IF id = lag(id) dup = 1.
SELECT IF dup = 0.

The equivalent expression using match files would be (note the reversal of dup in the two expressions, in match files I want to select the 1 value).

SORT CASES BY id (A) value (D).
MATCH FILES file = *
/first = dup
/by id.
SELECT IF dup = 1.

The match files approach scales better to more variables. If I had two variables I would need to write IF id1 = lag(id1) and id2 = lag(id2) dup = 1. with the lag approach, but only need to write /by id1 id2. for the match files approach. Again this particular example can be trivially done with another command (AGGREGATE in this instance), but the main difference is the two approaches above keep all of the variables in the current data set, and this needs to be explicitly written on the AGGREGATE command.

DATASET ACTIVATE seq.
DATASET DECLARE agg_seq.
AGGREGATE
  /OUTFILE='agg_seq'
  /BREAK=id
  /value=MAX(value).
dataset close seq.
dataset activate agg_seq.

One may think that the sequential case processing is not that helpful, as I’ve shown some alternative ways to do the same thing. But consider a case where you want to propogate down values, this can’t be done directly via match files or aggregate. For instance, I’ve done some text munging of tables exported from PDF files that look approximately like this when reading into an SPSS data file (where I use periods to symbolize missing data);

data list free /table_ID (F1.0) row_name col1 col2 (3A5).
begin data
1 . Col1 Col2 
. Row1 4 6
. Row2 8 20
2 . Col1 Col2
. Row1 5 10
. Row2 15 20
end data.
dataset name tables.

Any more useful representation of the data would need to associate particular rows with which table it came from. Here is sequential case processing to the rescue;

if MISSING(table_ID) = 1 table_ID = lag(table_ID).

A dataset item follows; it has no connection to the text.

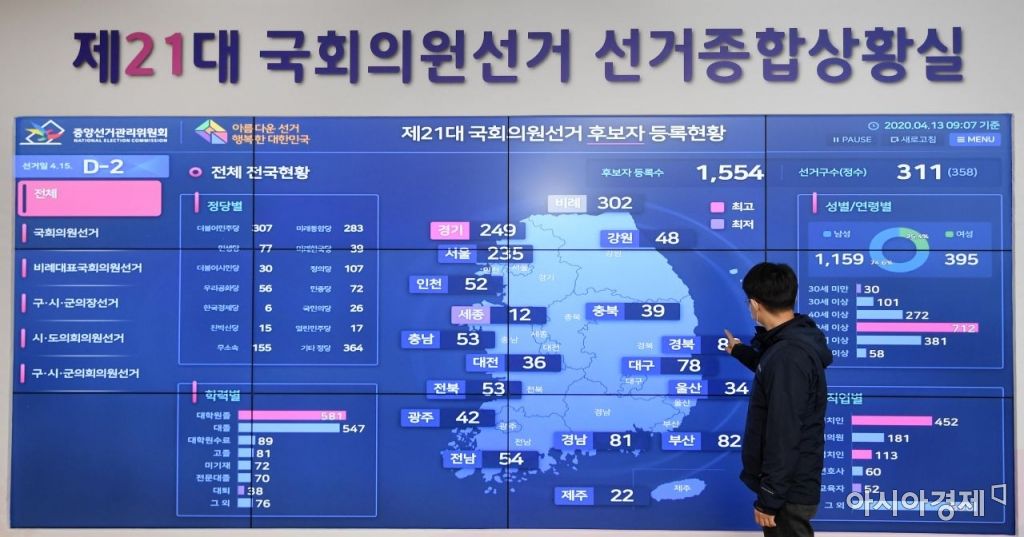 제21대 국회의원선거를 이틀 앞둔 13일 경기 과천 중앙선거관리위원회 선거종합상황실에서 관계자가 모니터링을 하고 있다./과천=김현민 기자 kimhyun81@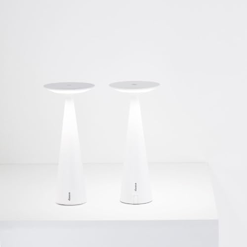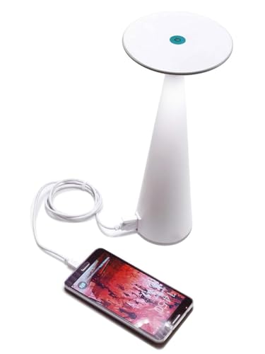 Zafferano - Dama Lampada LED Dimmerabile da tavolo in alluminio, Protezione IP54, Uso Interno/Esterno, Entrata USB laterale per ricarica dispositivi mobili, H29cm, Plug EU - Bianco

Very simple fix, but perhaps not intuitive without munging around in SPSS for awhile. For another simple application of this see this NABBLE discussion where I give an example of propogating down and concatenating multiple string values). Another (more elaborate) example of this can be seen when merging and sorting a database of ranges to a number within the range.

This is what I would consider an advanced data management tool, and one that I use on a regular basis.

Leave a comment

9 Comments

  1. David Marso

     /  March 13, 2013

    I like the following approach.
    SORT CASES BY gp_1 TO gp_#.
    COMPUTE @=1.
    SPLIT FILE BY gp1 TO gp_#.
    CREATE CaseIndex=CSUM(@).
    DELETE VARIABLES @.

    Reply
    • Yes I can see the appeal to that code snippet David. Unfortunately I frequently do this with very large datasets and many groups, in which case split file is less than friendly. It in fact has caused SPSS to freeze the last few times I have attempted your code on the usual dataset I do this to (size ~200,000 cases with around 140,000 groups in V15).

      I should probably just always use the match files approach, but it is good to know how to utilize CSUM (and split file) though in similar data management tasks.

      Reply
      • David Marso

         /  March 14, 2013

        It might be that the output is getting slaughtered by the huge PIVOT table from the 140K strata. I just ran the following on 2.M rows with 200K strata
        (SEE the *undocumented* SET ERRORS OFF RESULTS OFF combination). Undocumented in the sense they both need to be present for the output suppression.
        —-
        OTOH: I believe the MATCH FILES followed by the Logical expression is probably better performance wise with large files. Note that CREATE forces a data pass while MATCH/COMPUTE do not. If one has stats to perform immediately then NIX the EXECUTE and just roll . OTOH: Best NOT attempt any SELECT statements involving the send index prior to a data pass unless you really have your wits intact (LAG is awesome but …)

        INPUT PROGRAM.
        LOOP ID=1 TO 2000000.
        COMPUTE STRATA=TRUNC(RV.UNIFORM(1,200000)).
        END CASE.
        END LOOP.
        END FILE.
        END INPUT PROGRAM.

        ** Require this for both methods **.
        SORT CASES BY STRATA.

        ** For INDEX1 **.
        SPLIT FILE BY STRATA.
        COMPUTE @=1.
        PRESERVE.
        SET RESULTS OFF ERRORS OFF.
        CREATE INDEX1=CSUM(@).
        SPLIT FILE OFF.
        DELETE VARIABLES @.
        RESTORE.

        ** For Index2 **.

        MATCH FILES / FILE * / BY STRATA / FIRST = INDEX2.
        IF NOT(INDEX2 EQ 1) INDEX2=LAG(INDEX2)+1.
        EXECUTE..

  2. Good points as usual David. I forgot about the table part of split files (it would be nice to have an option right on split file to turn tables off completely).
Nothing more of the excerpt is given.